Instructions for the task: Set down the data below from its first line to the line holding "আবেদনের ঠিকানা: অধ্যক্ষ, বাংলাদেশ", inclusive; omit all pictures.

[Records excerpted from a collection]
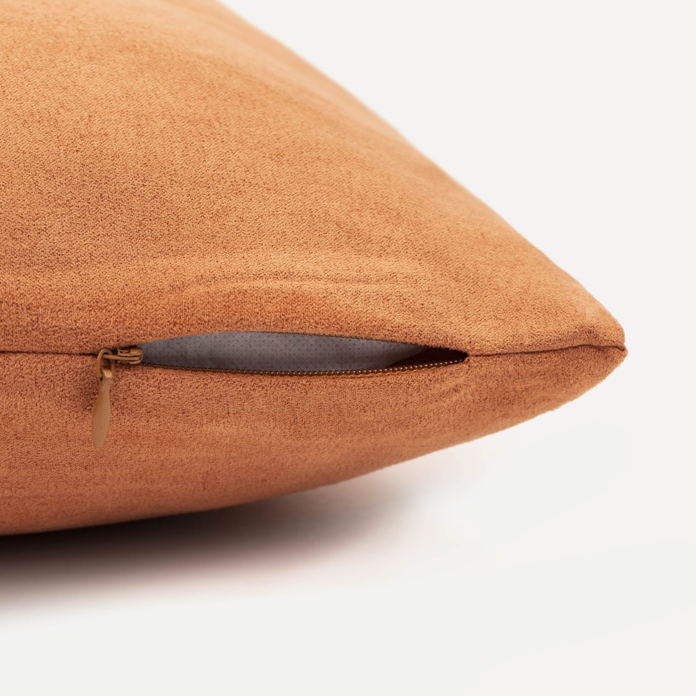 Presenta una textura de piel con tacto suave y fino con una cremallera invisible para poder sacar su relleno y lavar con facilidad.
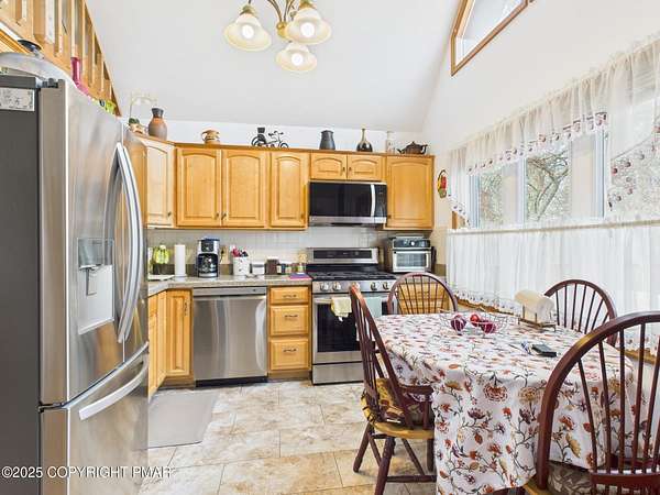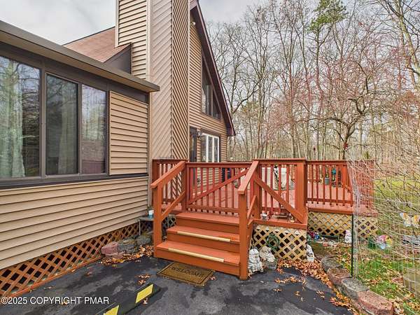 Discover this lovely, well-maintained chalet in the private and beautiful Pocono Mountain Lake Estates - first time ever on the market! Proudly built and lovingly cared for by the original owners, this charming home offers that true mountain-retreat feel with all the comforts you want. Step inside to a bright, airy interior featuring cathedral ceilings, hardwood floors, and an open, welcoming layout. The updated kitchen includes stainless steel appliances, and the living space fills with natural light. A cozy sunroom adds even more room to relax and enjoy the peaceful surroundings. This home offers 2 bedrooms - including a spacious primary bedroom suite - plus a good-sized loft, perfect for guests, a hobby space, or additional sleeping quarters. Outside, enjoy the serenity of this quiet community with two storage sheds, a newer roof, and a beautifully maintained property that reflects true pride of ownership. A rare opportunity to own a lovingly cared-for chalet in a desirable lake community - homes like this are hard to find!
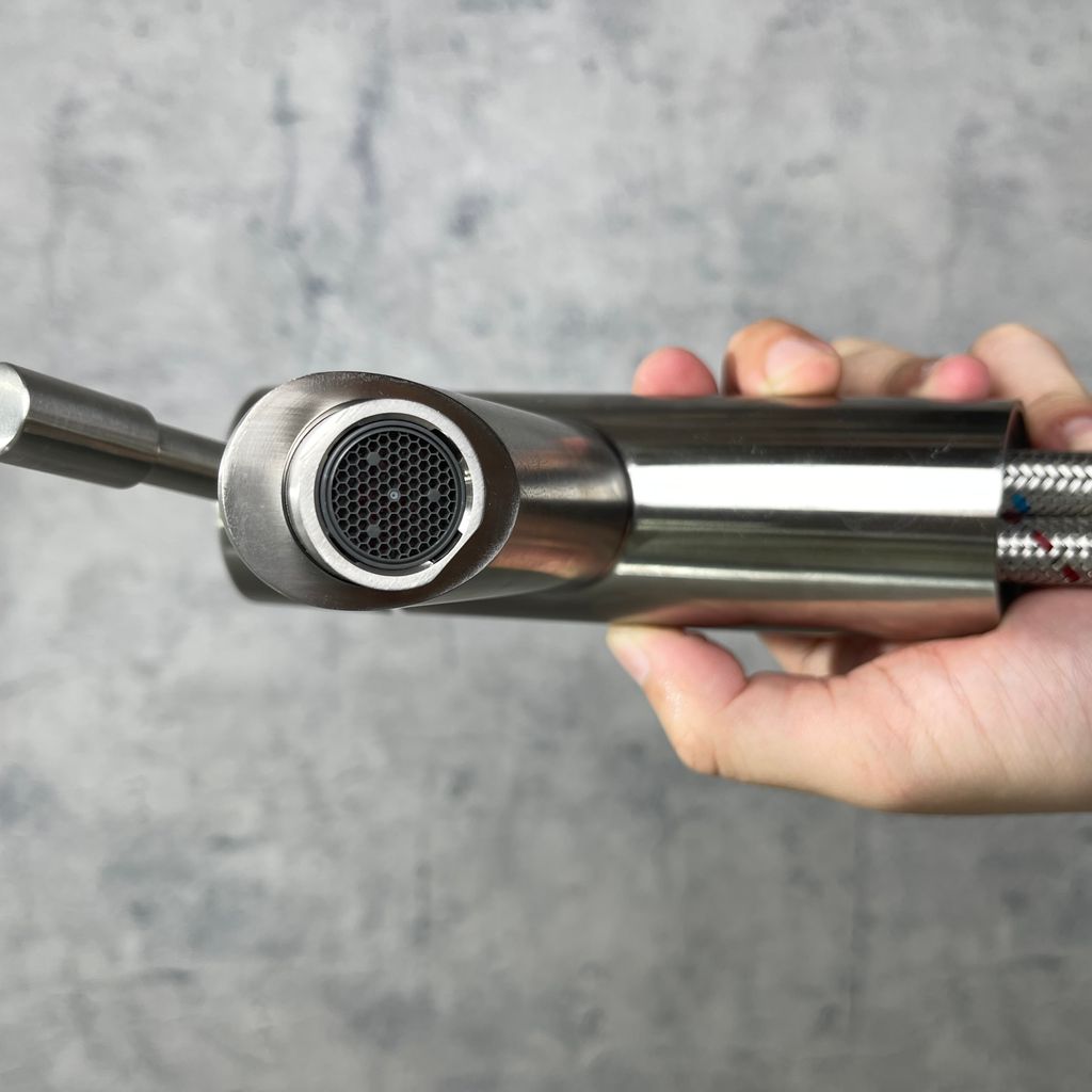 3. Công nghệ lưới lọc tạo bọt chống bắn Đầu vòi được trang bị hệ thống lưới lọc đa lớp giúp sục khí vào dòng nước, tạo ra dòng chảy êm ái, nhẹ nhàng và không gây bắn tóe. Công nghệ này không chỉ mang lại cảm giác dễ chịu khi sử dụng mà còn giúp tiết kiệm nước hiệu quả lên đến 30%.
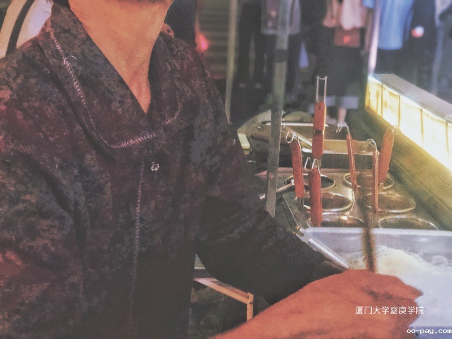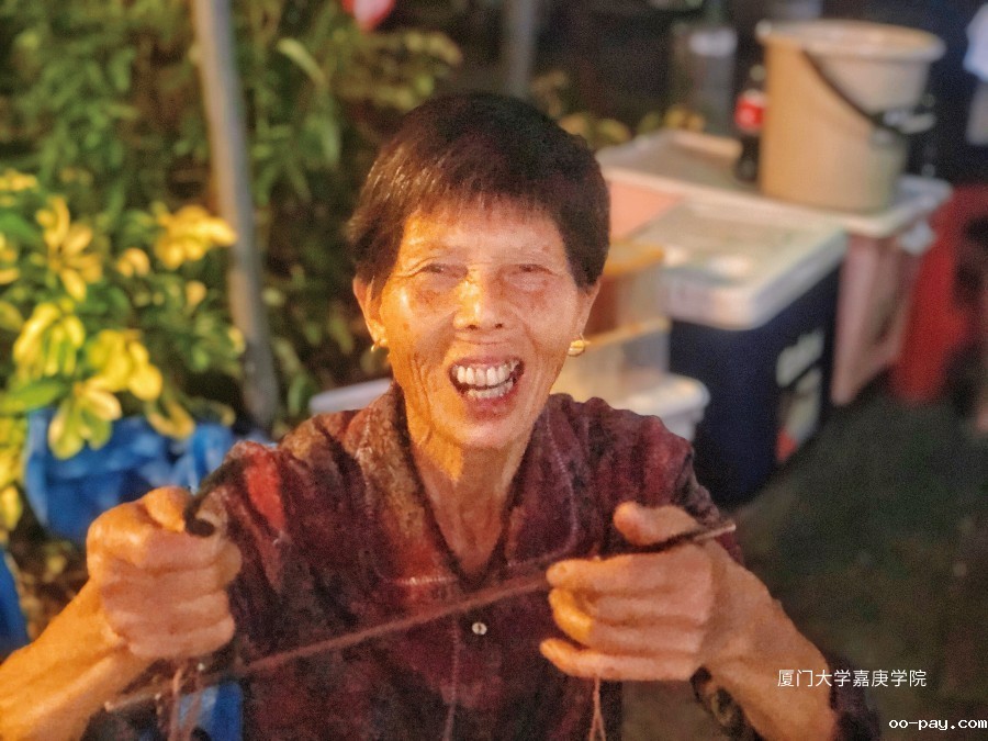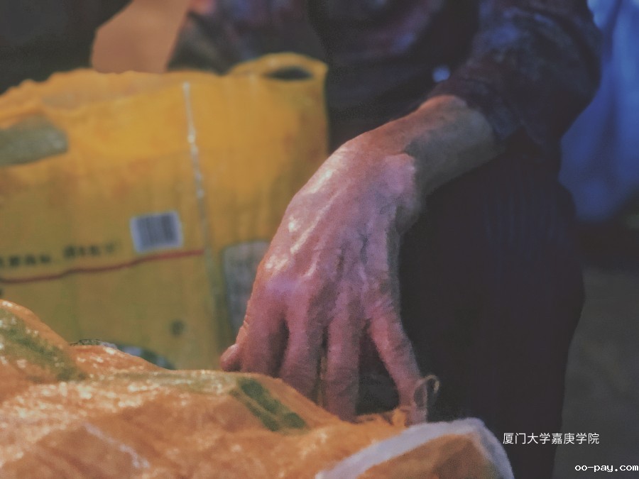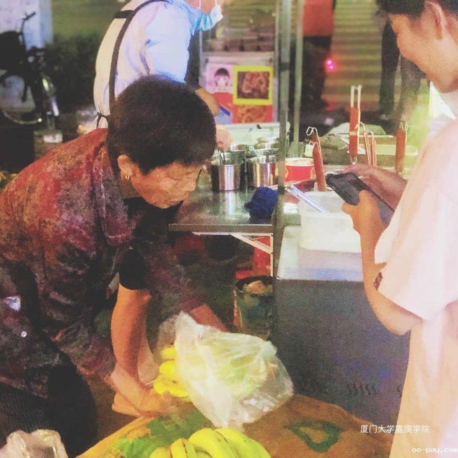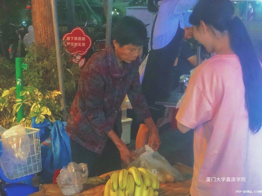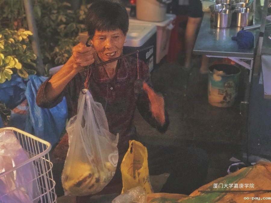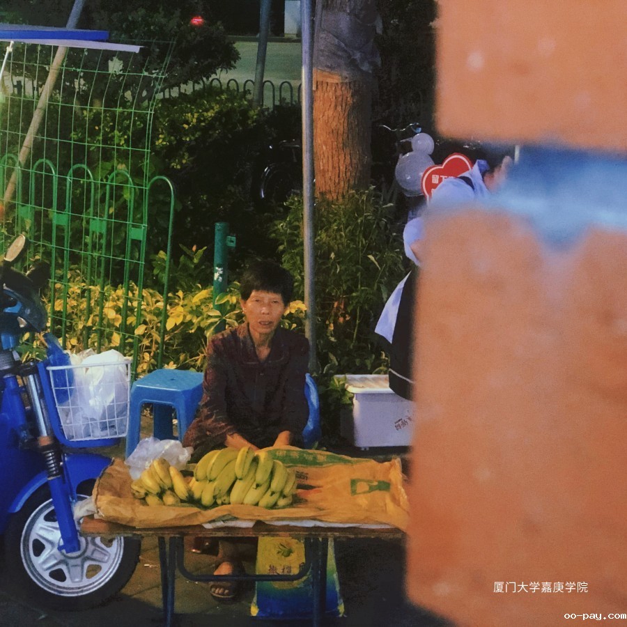 在“嘉”北区校门口过马路后,有一个婆婆经常带着自己种的香蕉、荔枝和杨梅售卖,年老的身躯,颤抖的双手和眼角的沟壑,沧桑的面庞下总含着笑意面对来往的学生,手里的一杆秤,陪伴了她数十年……
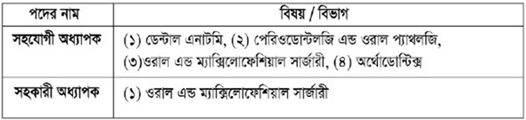আবেদনের ঠিকানা: অধ্যক্ষ, বাংলাদেশ ডেন্টাল কলেজ, বাড়ি নং ৩৩-৩৫, ধানমন্ডি আ/এ, ঢাকা-১২০৯।
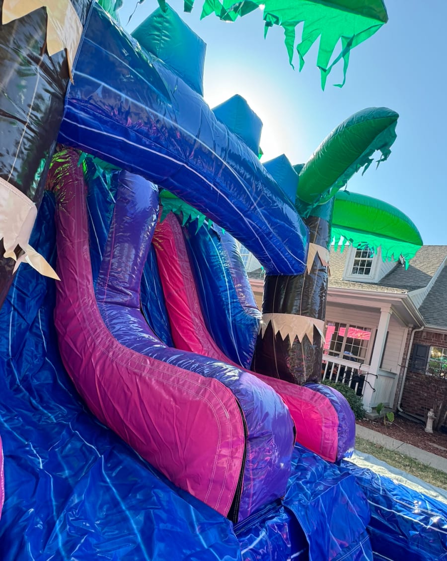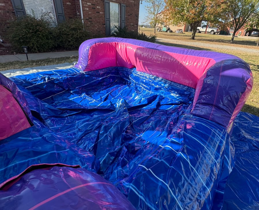 Transform your event into a vibrant, fun-filled celebration with our Cotton Candy Dual Lane Combo. This eye-catching inflatable boasts a delightful color palette of pink, purple, and blue, reminiscent of sweet cotton candy vibes. 🥳 Perfectly designed for both wet and dry use, it features a dual lane for double the fun! 🌟
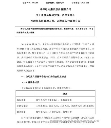 掌上风电消息,2025年10月29日,龙源电力召开新一届董事会会议,选举宫宇飞为第六届董事会董事长,并宣布继续聘任王利强担任总经理,杨文静担任总会计师,丁鶄担任副总经理兼董事会秘书,夏晖、王琦、李星运、史文义担任副总经理。此次换届保持了核心管理团队的稳定性,体现了公司战略的延续性。
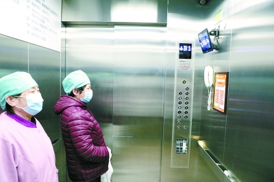昨天,在海淀醫院,醫務人員搭乘語音電梯。 記者 饒強攝
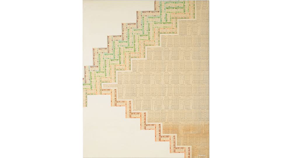 三島は1932年⼤阪府⽣まれ。50年代より伊藤継郎のアトリエに通い絵画の制作を開始。その後、三島茂司に師事し、新聞紙、雑誌、⾺券、蚊帳など、印刷物や廃材を使⽤した実験的なコラージュ作品に取り組む。54〜69年にかけて出展した独⽴展(東京都美術館)では⼤阪市賞(1961)、独⽴賞・須⽥賞(1963)を受賞し、64年には「現代美術の動向―絵画と彫塑」展(国⽴近代美術館京都分館)に出品。その他、関⻄独⽴展、独⽴新⼈選抜展、朝⽇新⼈展などに出展し、⽇本の前衛美術において画家として頭⾓を現した。
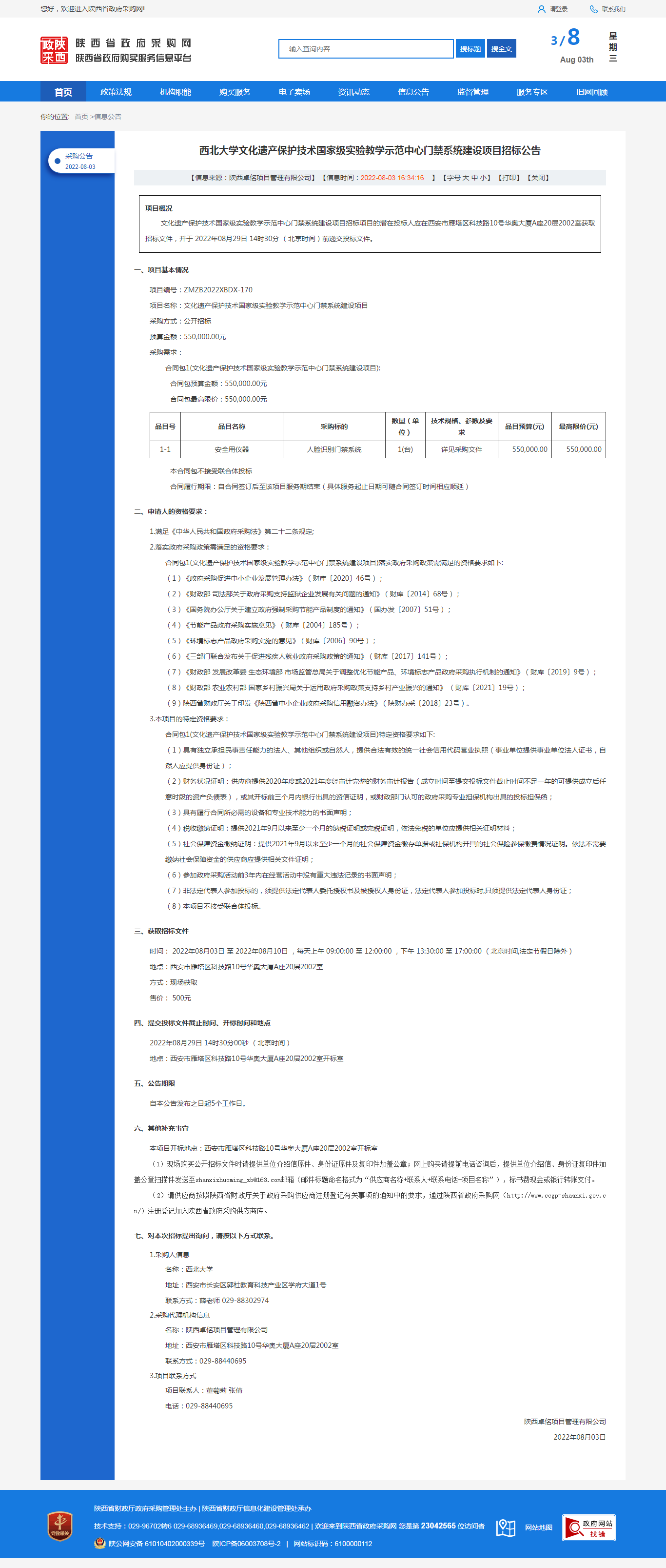 星空app官网文化遗产保护技术国家级实验教学示范中心门禁系统建设项目招标公告 作者: 编辑:采购与招标办公室 时间:2022-08-03 原公告链接:http://www.ccgp-shaanxi.gov.cn/freecms/site/shaanxi/ggxx/info/2022/8a69c15f8238f00c01826158874944be.html?noticeType=001011¬iceId=795f6845-1307-11ed-9a8e-08c0eb20c666

Expected answer:
 Presenta una textura de piel con tacto suave y fino con una cremallera invisible para poder sacar su relleno y lavar con facilidad.
 Discover this lovely, well-maintained chalet in the private and beautiful Pocono Mountain Lake Estates - first time ever on the market! Proudly built and lovingly cared for by the original owners, this charming home offers that true mountain-retreat feel with all the comforts you want. Step inside to a bright, airy interior featuring cathedral ceilings, hardwood floors, and an open, welcoming layout. The updated kitchen includes stainless steel appliances, and the living space fills with natural light. A cozy sunroom adds even more room to relax and enjoy the peaceful surroundings. This home offers 2 bedrooms - including a spacious primary bedroom suite - plus a good-sized loft, perfect for guests, a hobby space, or additional sleeping quarters. Outside, enjoy the serenity of this quiet community with two storage sheds, a newer roof, and a beautifully maintained property that reflects true pride of ownership. A rare opportunity to own a lovingly cared-for chalet in a desirable lake community - homes like this are hard to find!
 3. Công nghệ lưới lọc tạo bọt chống bắn Đầu vòi được trang bị hệ thống lưới lọc đa lớp giúp sục khí vào dòng nước, tạo ra dòng chảy êm ái, nhẹ nhàng và không gây bắn tóe. Công nghệ này không chỉ mang lại cảm giác dễ chịu khi sử dụng mà còn giúp tiết kiệm nước hiệu quả lên đến 30%.
 在“嘉”北区校门口过马路后,有一个婆婆经常带着自己种的香蕉、荔枝和杨梅售卖,年老的身躯,颤抖的双手和眼角的沟壑,沧桑的面庞下总含着笑意面对来往的学生,手里的一杆秤,陪伴了她数十年……
আবেদনের ঠিকানা: অধ্যক্ষ, বাংলাদেশ ডেন্টাল কলেজ, বাড়ি নং ৩৩-৩৫, ধানমন্ডি আ/এ, ঢাকা-১২০৯।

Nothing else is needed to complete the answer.